> **Recorded data**:
____

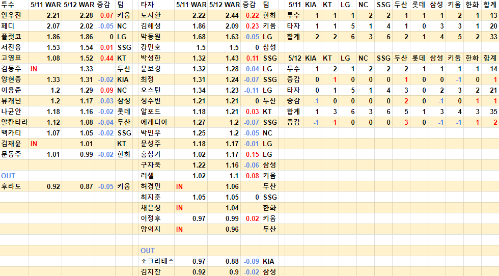- - OUT : 소크라테스(KIA), 김지찬(삼성)
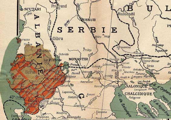 Με βάση τις αποφάσεις της Πρεσβευτικής Συνδιασκέψεως του Λονδίνου η Διεθνής Επιτροπή Καθορισμού των Συνόρων θα έπρεπε να αρχίσει τις εργασίες για τη χάραξη των ορίων της Αλβανίας την 1η Σεπτεμβρίου 1913. Μόλις όμως στις 4 Οκτωβρίου κατόρθωσε να συνέλθει στην πρώτη της εναρκτήρια συνεδρίαση στο Μοναστήρι. Πριν αρχίσει τις εργασίες της η Επιτροπή, οι Μεγάλες Δυνάμεις της γνωστοποίησαν την απόφαση τους να παραχωρηθεί η Κορυτσά (που είχε απελευθερωθεί από τον Ελληνικό Στρατό στις 7/10/1912) στην Αλβανία, ενώ παράλληλα προειδοποίησαν την Ελλάδα να μην φέρει προσκόμματα στην απόφαση τους αυτή.
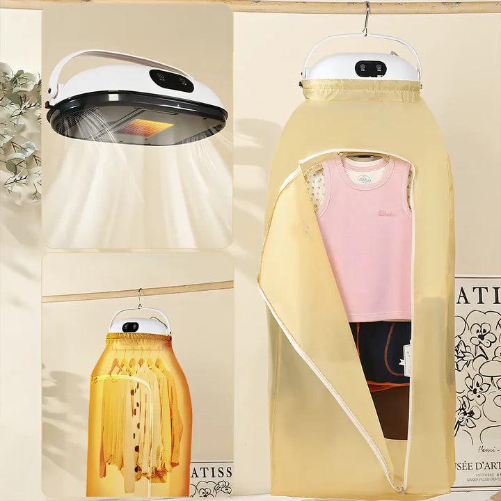 con nuestro secador de ropa portátil puedes mantener la ropa siempre seca, suave y lista, sin depender del clima ni de aparatos enormes. Es más que un secador… es la sensación de tener el control, incluso en los pequeños detalles.
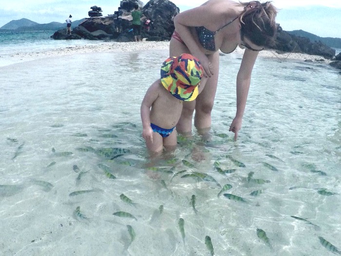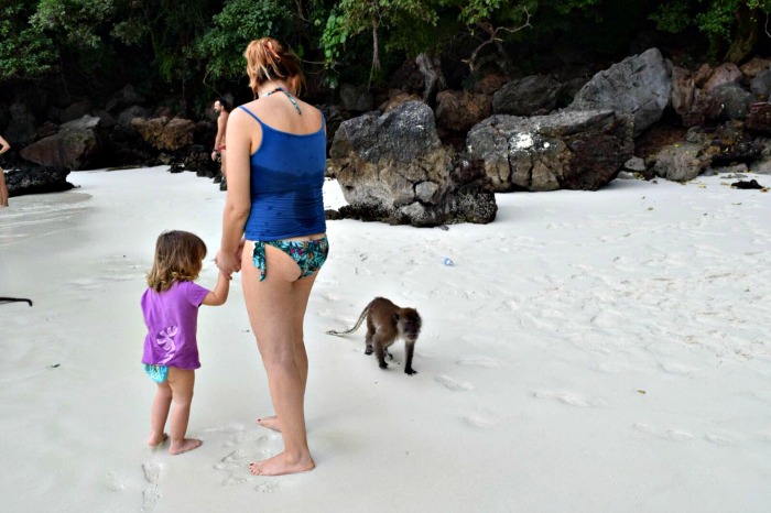 Le isole distano 20 minuti di motoscafo dalla marina e il tour è così strutturato: facciamo una sosta snorkelling alla prima isola che non ha spiaggia e subito dopo 2 soste in due isole diverse di più di 2 ore ciascuna: spiagge di sabbia bianca con pezzi di coralli a terra e acqua cristallina in cui è possibile nuotare con i pesci anche in acqua molto bassa. Alisia è euforica potendo giocare con tutti i pesci che le nuotano intorno. In queste spiagge è possibile noleggiare delle sdraio al costo di 100bath (2,5€) per potersi rilassare sulle palafitte all’ombra. Il pranzo offerto dal tour operator è veramente dignitoso (riso, pollo e patate fritte) e in ogni sosta ci viene offerta frutta fresca e acqua a volontà.

____

> **Requirement**:
The output must match, line for line, the span from the line containing "con nuestro secador" through the end of the data, with the pictures removed.

> **Answer space**:
 con nuestro secador de ropa portátil puedes mantener la ropa siempre seca, suave y lista, sin depender del clima ni de aparatos enormes. Es más que un secador… es la sensación de tener el control, incluso en los pequeños detalles.
 Le isole distano 20 minuti di motoscafo dalla marina e il tour è così strutturato: facciamo una sosta snorkelling alla prima isola che non ha spiaggia e subito dopo 2 soste in due isole diverse di più di 2 ore ciascuna: spiagge di sabbia bianca con pezzi di coralli a terra e acqua cristallina in cui è possibile nuotare con i pesci anche in acqua molto bassa. Alisia è euforica potendo giocare con tutti i pesci che le nuotano intorno. In queste spiagge è possibile noleggiare delle sdraio al costo di 100bath (2,5€) per potersi rilassare sulle palafitte all’ombra. Il pranzo offerto dal tour operator è veramente dignitoso (riso, pollo e patate fritte) e in ogni sosta ci viene offerta frutta fresca e acqua a volontà.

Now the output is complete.